§ **Work task**:
Leaving out pictures, output exactly the lines below from the one that has "Ante esto es" through the one that has "被非法关押后的姜德亭 | ![]() 姜德亭的后背有伤 |", and nothing else.

#### Supplied information

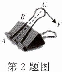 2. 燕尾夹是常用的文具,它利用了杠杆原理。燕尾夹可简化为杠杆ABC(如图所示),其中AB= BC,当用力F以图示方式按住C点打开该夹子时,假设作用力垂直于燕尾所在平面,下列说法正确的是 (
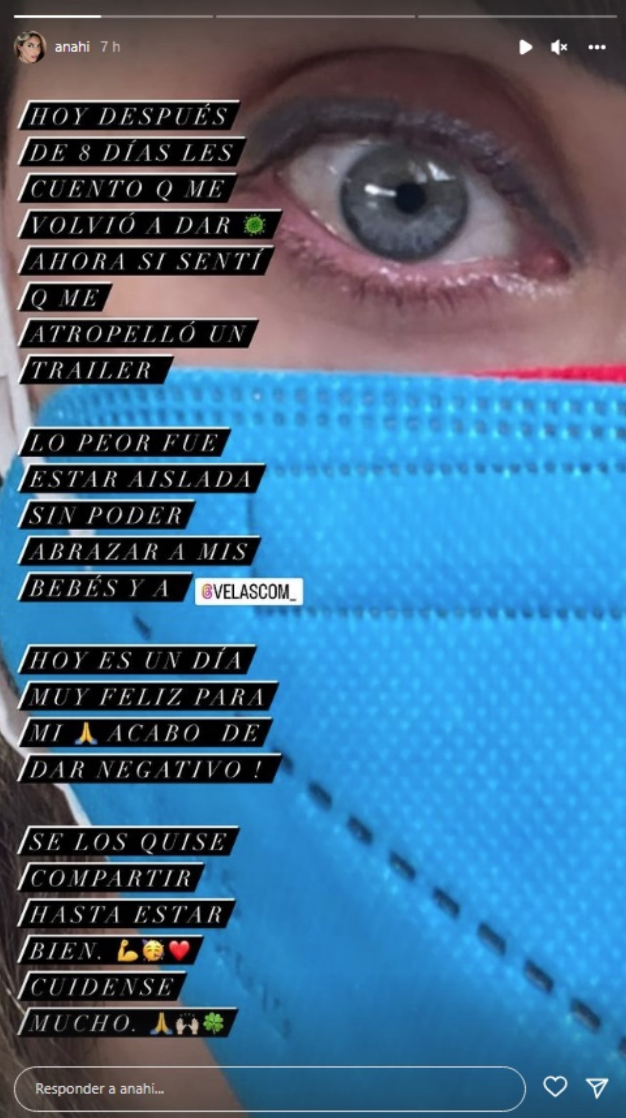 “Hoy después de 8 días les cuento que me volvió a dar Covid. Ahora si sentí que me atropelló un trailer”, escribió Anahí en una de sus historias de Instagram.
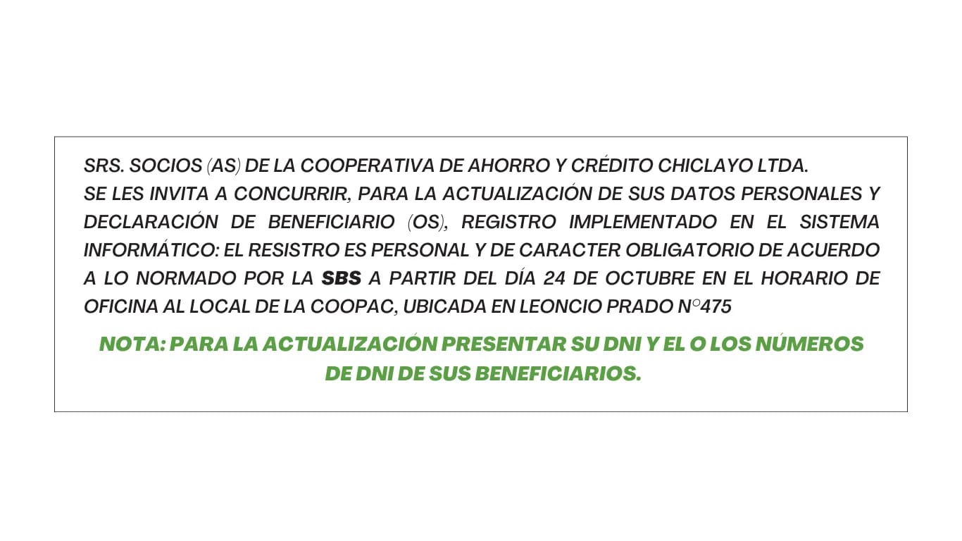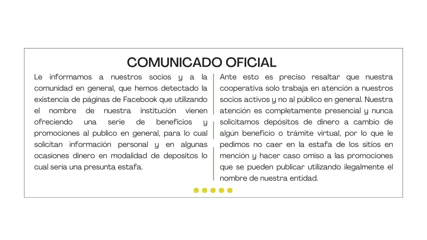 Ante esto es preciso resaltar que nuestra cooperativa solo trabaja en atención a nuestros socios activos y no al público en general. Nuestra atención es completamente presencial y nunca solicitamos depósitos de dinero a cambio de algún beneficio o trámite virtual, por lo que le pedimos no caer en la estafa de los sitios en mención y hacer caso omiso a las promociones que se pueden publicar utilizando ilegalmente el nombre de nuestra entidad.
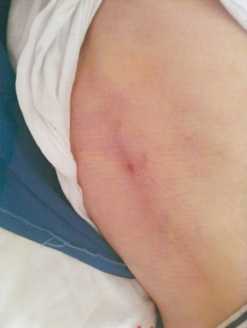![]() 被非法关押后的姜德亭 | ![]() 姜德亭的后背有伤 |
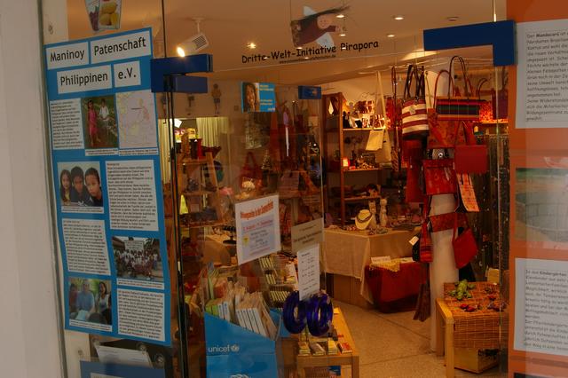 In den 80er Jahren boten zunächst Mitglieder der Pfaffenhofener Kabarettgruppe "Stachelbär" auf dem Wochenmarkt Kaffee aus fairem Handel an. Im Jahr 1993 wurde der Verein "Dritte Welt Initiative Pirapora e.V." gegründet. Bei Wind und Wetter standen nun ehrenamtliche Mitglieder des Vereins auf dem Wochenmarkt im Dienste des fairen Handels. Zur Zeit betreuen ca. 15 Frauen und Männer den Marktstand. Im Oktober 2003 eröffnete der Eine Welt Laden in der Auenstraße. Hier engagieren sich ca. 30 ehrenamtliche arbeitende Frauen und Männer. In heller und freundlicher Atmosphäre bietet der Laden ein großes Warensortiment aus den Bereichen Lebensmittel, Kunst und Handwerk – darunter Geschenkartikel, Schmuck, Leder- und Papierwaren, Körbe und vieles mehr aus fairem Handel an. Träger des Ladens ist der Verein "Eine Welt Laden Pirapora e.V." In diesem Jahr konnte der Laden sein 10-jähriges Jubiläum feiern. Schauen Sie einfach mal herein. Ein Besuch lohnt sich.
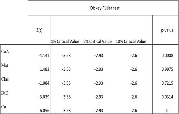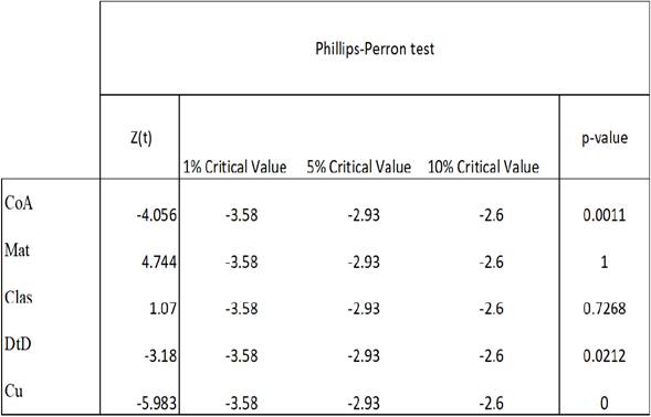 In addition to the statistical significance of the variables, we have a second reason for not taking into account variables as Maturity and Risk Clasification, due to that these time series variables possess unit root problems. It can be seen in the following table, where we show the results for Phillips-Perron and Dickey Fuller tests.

########

§ **Output for this task**:
 Ante esto es preciso resaltar que nuestra cooperativa solo trabaja en atención a nuestros socios activos y no al público en general. Nuestra atención es completamente presencial y nunca solicitamos depósitos de dinero a cambio de algún beneficio o trámite virtual, por lo que le pedimos no caer en la estafa de los sitios en mención y hacer caso omiso a las promociones que se pueden publicar utilizando ilegalmente el nombre de nuestra entidad.
![]() 被非法关押后的姜德亭 | ![]() 姜德亭的后背有伤 |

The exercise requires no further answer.